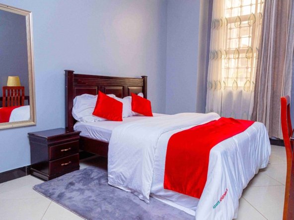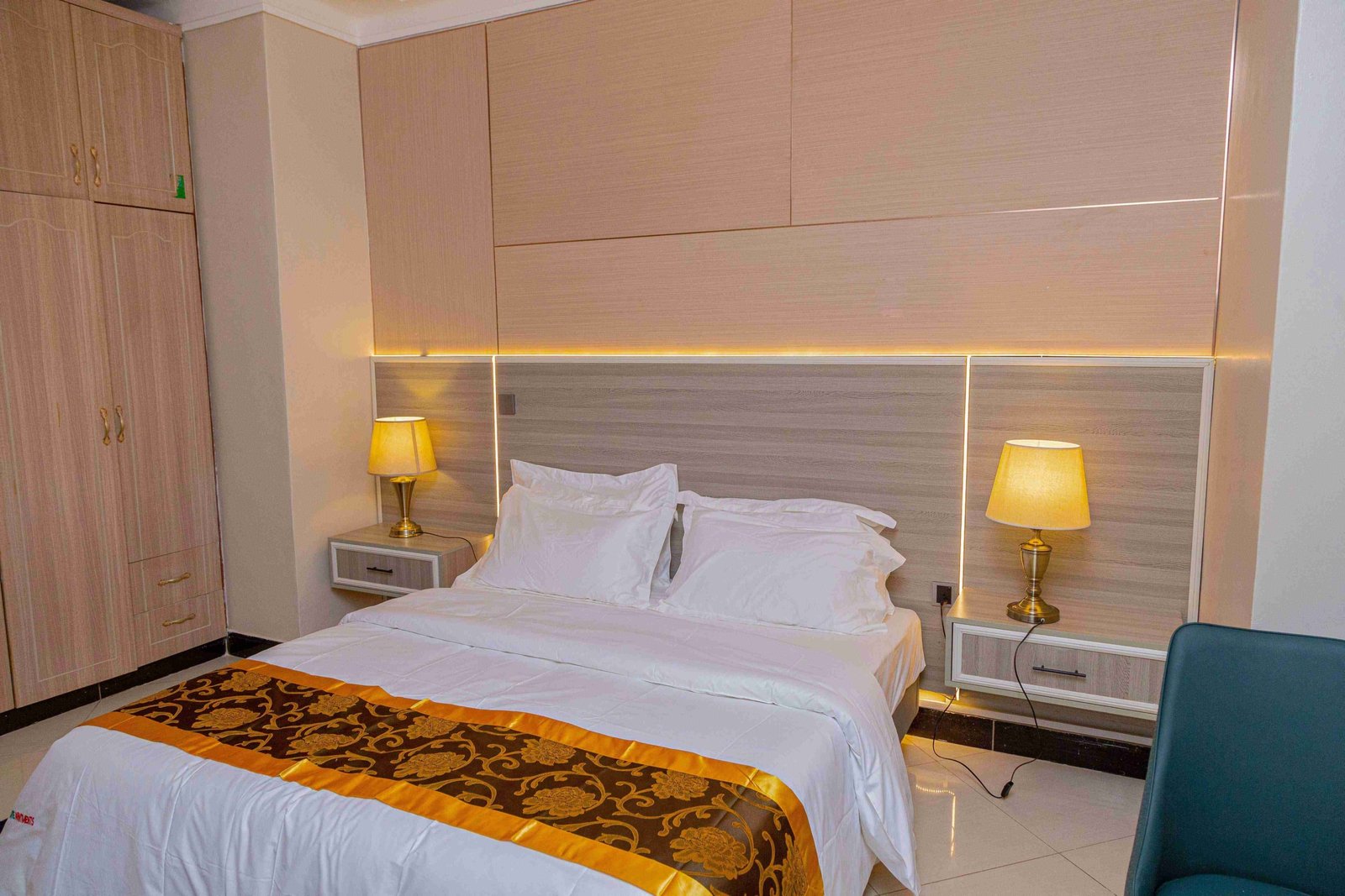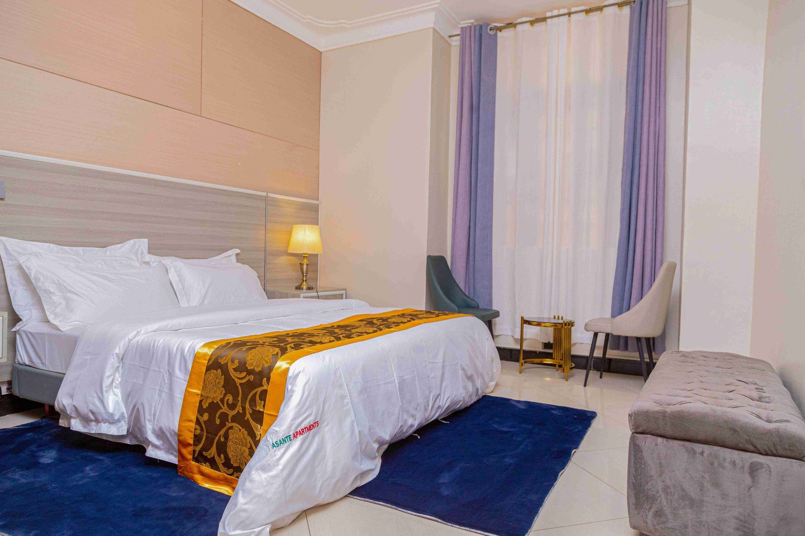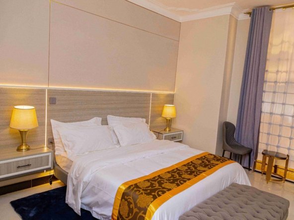 Unwind in this elegantly furnished room, offering a tranquil escape in the city. The spacious bedroom features a luxurious queen bed with crisp linens and a touch of gold for a refined look. The living area is designed for comfort, complete with plush seating and a flat-screen TV. The modern kitchen and bathroom provide all the essentials for a comfortable stay. Step out onto the private balcony to enjoy the fresh air and peaceful surroundings. Perfect for both business and leisure travelers, this unit is a blend of style and comfort. Book your stay today!
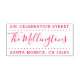 Easily personalise these custom Elegant Split Address Self-Inking Return Address self-inking rubber stamps with your own names and address. To customise these rubber stamps, click on "Personalise this template" and change the text in the boxes provided. Available in 9 different colours and 6 sizes. Please view your design on the monitor as close to actual size as possible to ensure that the text prints at the expected size. For use as a return address stamp most people will require a larger size. These return address self-inking rubber stamps stamp up to 10000 impressions with each cartridge, have a soft touch for secure grip and ink-free fingers and an eco-friendly manufacturing process. No minimum order quantity.
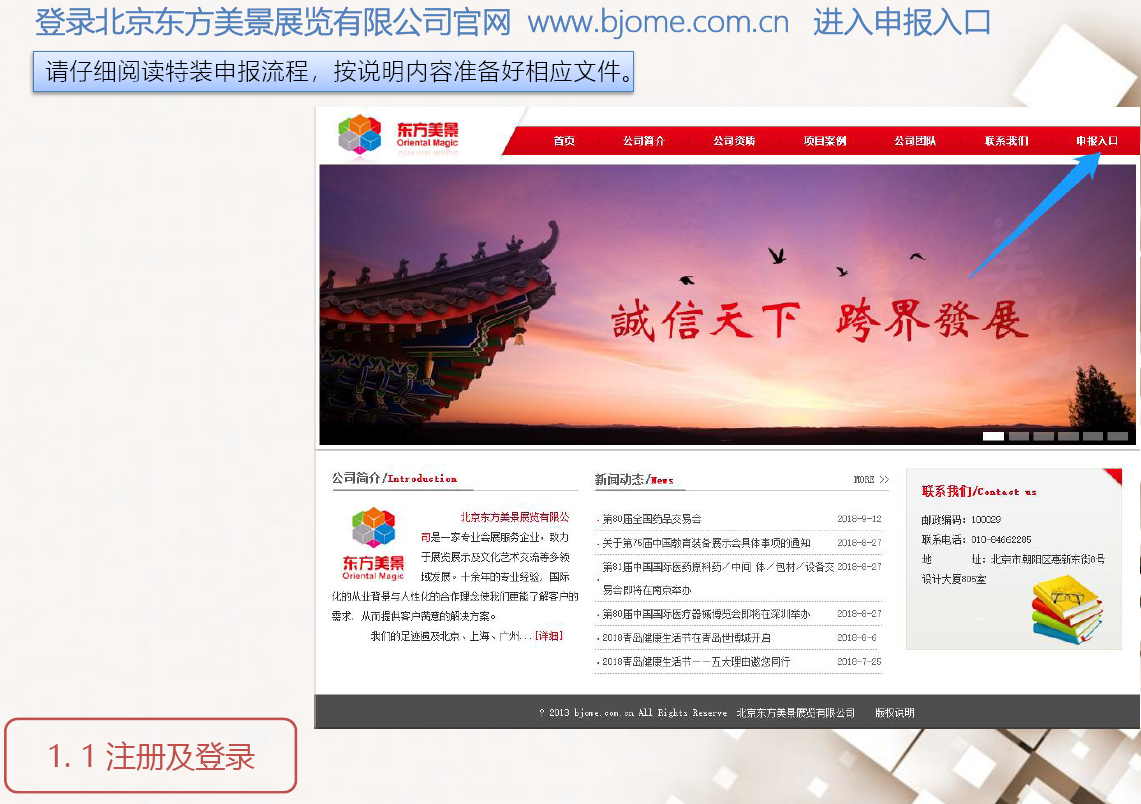 1)預審:將報館文件掃描件上傳至北京東方美景展覽有限公司網報系統(www.bjome.com.cn/declare.html);

——

Assigned task
Copy nothing but the lines from the line that contains "Easily personalise these" through the end of the listing, exactly, and keep pictures out of it.

Exercise response
 Easily personalise these custom Elegant Split Address Self-Inking Return Address self-inking rubber stamps with your own names and address. To customise these rubber stamps, click on "Personalise this template" and change the text in the boxes provided. Available in 9 different colours and 6 sizes. Please view your design on the monitor as close to actual size as possible to ensure that the text prints at the expected size. For use as a return address stamp most people will require a larger size. These return address self-inking rubber stamps stamp up to 10000 impressions with each cartridge, have a soft touch for secure grip and ink-free fingers and an eco-friendly manufacturing process. No minimum order quantity.
 1)預審:將報館文件掃描件上傳至北京東方美景展覽有限公司網報系統(www.bjome.com.cn/declare.html);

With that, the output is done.